Bab 6

14.4K 977 27
                                    

"Ngapain kalian lihatin hape-ku kayak gitu?" Rania segera duduk di tempatnya tadi dan langsung mengambil serta mengecek ponselnya. "Apa Arvin kirim WA lagi? Lho, ini data internetku kenapa off?"

"Mana kita tahu." Putri memberi jawaban mewakili dua sahabatnya yang saat ini tengah menormalkan ekspresi  mereka.

Rania memutar bola mata. Kemudian, gadis bertubuh ramping itu mengaktifkan data internet, lalu membaca pesan dari Arvin sekali lagi dan senyumnya melebar. Telunjuk Rania dengan usil menyentuh bagian foto profil dan membuat dirinya tersenyum bak remaja jatuh cinta.

"Ran, masih sehat?" tanya Putri setelah melepas gigitannya pada sedotan.

"Sangat sehat." Rania tersenyum, kemudian menunjukkan layar ponsel ke arah sahabatnya secara bergantian. "Lihat, ganteng banget, kan?"

Ketiga sahabat Rania mengangguk. Namun, Trina berdeham kemudian. "Perasaan, cowok-cowok yang punya hubungan sama kamu itu ganteng-ganteng, Ran."

Ketika Anis dan Putri mengangguk mendukung opini Trina, Rania membalas dengan memanyunkan bibir. Tak lama, gadis berpipi tirus itu kembali memperhatikan layar ponsel sambil bergumam, "Kayaknya Arvin yang paling ganteng di antara yang lain." Namun, dibalik pujian itu, diam-diam Rania memasang tatapan datar. 

"Dia WA kamu gimana?" tanya Anis masih bisa menatap foto Arvin yang tampak tampan dengan kemeja merah marun.

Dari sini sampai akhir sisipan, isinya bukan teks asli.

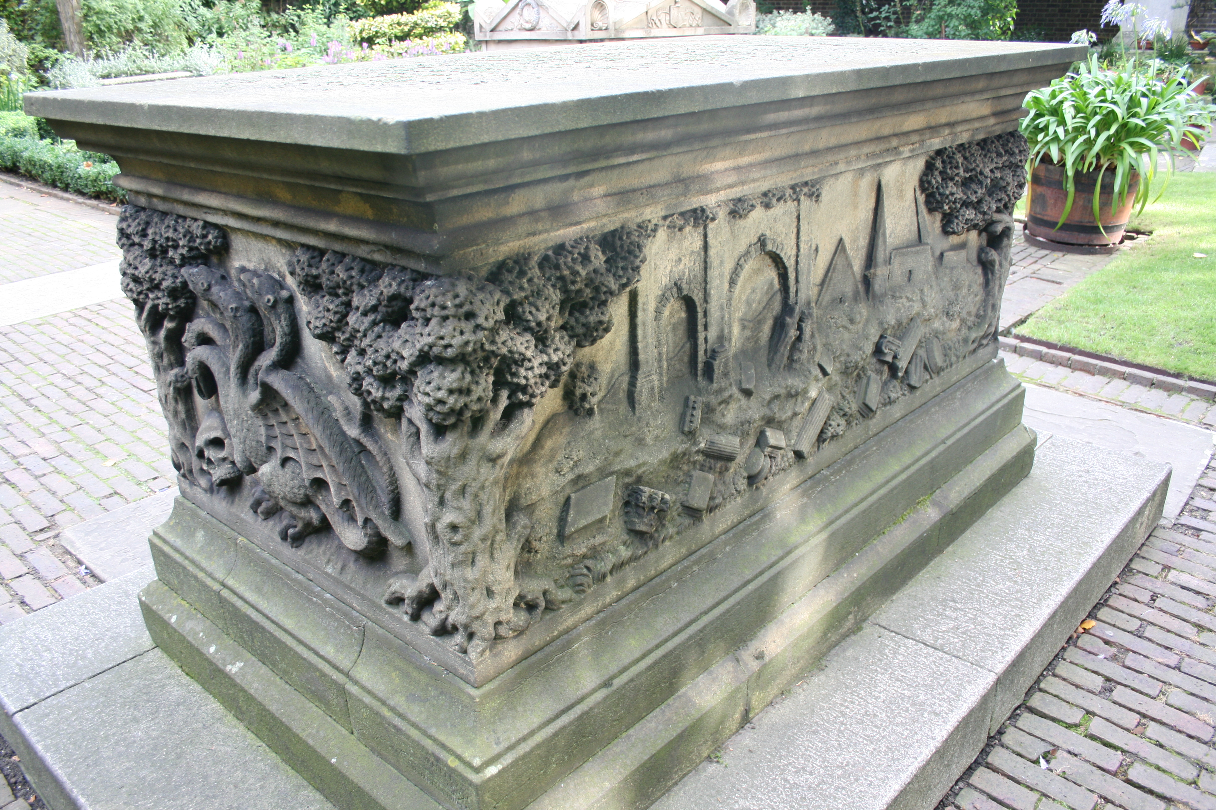 Tomb of John Tradescant and His Family in St Mary's Churchyard

Di samping itu, sahabat Rania yang paling mungil itu masih berusaha menormalkan detak jantungnya.

"Dia ngajak aku makan malam lusa. Aku bales gimana, nih?" jawab Rania yang kembali menunjukkan kehebohannya.

Putri dan Trina saling beradu pandang. Hanya Anis yang menatap Rania dan foto Arvin secara bergantian. Kemudian, Anis berkata dengan nada lemah lembutnya, "Jangan-jangan dia mau ngajak kamu pacaran, Ran. Terus ngajak nikah. Wah... kayak drama Korea banget."

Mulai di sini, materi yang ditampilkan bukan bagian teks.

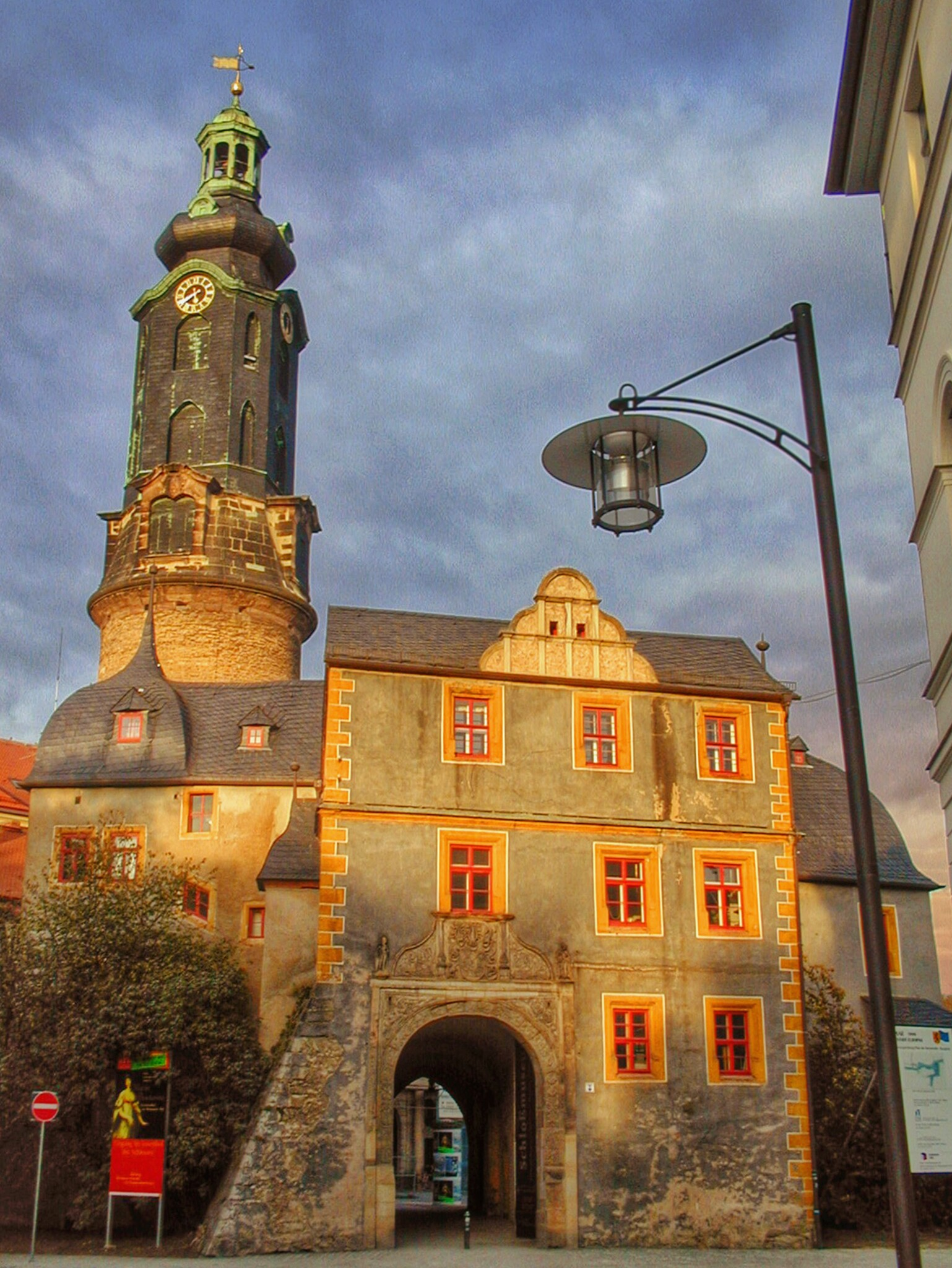 Unesco world heritage city of Weimar, Thuringia

"Hidupku nggak sedrama dan seromantis hidup kamu sama Mbak Trina, Nis. Ngehayal aja aku sampai nggak berani." Rania terkekeh untuk menertawakan dirinya sendiri. Sejujurnya, hati Rania penuh dengan keluhan dan rasa iri terhadap kehidupan orang lain. Namun, dirinya tidak ingin mengakui hal itu.

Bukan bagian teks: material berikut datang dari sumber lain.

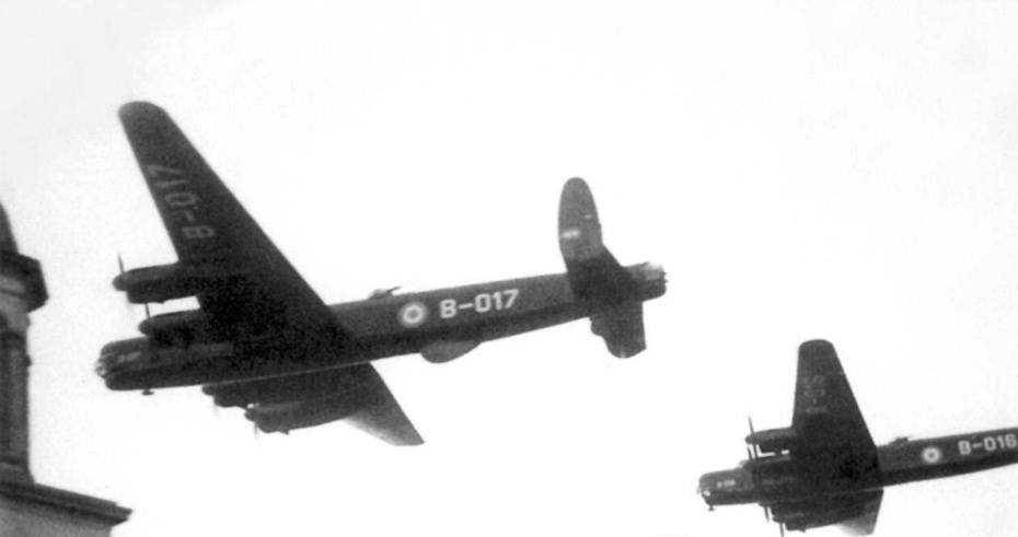 Two Avro Lincoln from the Argentina air force during an air parade.

"Semisal, ya, misal. Catet. Kalau beneran yang Anis bilang, dia ngajak kamu pacaran terus nikah, kamu mau?" Putri memasang ekspresi serius.

Bukannya menjawab, kini Rania malah menatap Trina. Tak lama, Rania mengangkat bahu dan berkata, "Kalau pake kata 'misal'.... Em, kenapa, nggak? Lumayankan, rezeki nomplok. Ganteng? Iya. Pekerjaan tetap? Punya. Pinter? Jelas. Kaya? Kelihatannya." Gadis berbibir tipis itu langsung menarik bibirnya. "Em... mubazir kalau ditolak. Bukannya itu modal yang bagus buat nikah? Kan, kata orang-orang nikah itu enak kalau modalnya lengkap."

"Nggak sesimpel itu, Ran." Trina menanggapi. Kini, ekspresi wanita berwajah bulat itu penuh keseriusan. "Nikah itu nggak melulu tentang kelebihan dan kebahagiaan. Kalau orang-orang bilang, nikah itu enak. Atau, nikah itu nggak enak. Jangan langsung ditelan bulat-bulat. Yang jelas, jalanin pernikahan itu nggak gampang. Nggak bisa hanya lihat dari luarnya aja. Kamu kan nggak tau gimana Arvin yang sebenernya. Kekurangan dia pun kamu nggak tau."

"Bener apa yang Mbak Trina bilang," gumam Putri. "Coba kamu kenali dia duluan."

Rania terbahak mendengar ucapan demi ucapan dari sahabat-sahabatnya. Tangannya pun tanpa ia sadari telah ditepuk berulang kali bersamaan dengan tawa hebohnya. "Kalian ini apaan, sih? Jangan baper, ah. Tadi kan kalian ngajak aku mengandai-andai. Inget, Arvin juga udah punya anak istri. Aku nggak mau jadi perebut laki orang."

Mereka kemudian terkekeh bersamaan dan mencoba menggiring pokok pembicaraan yang lain.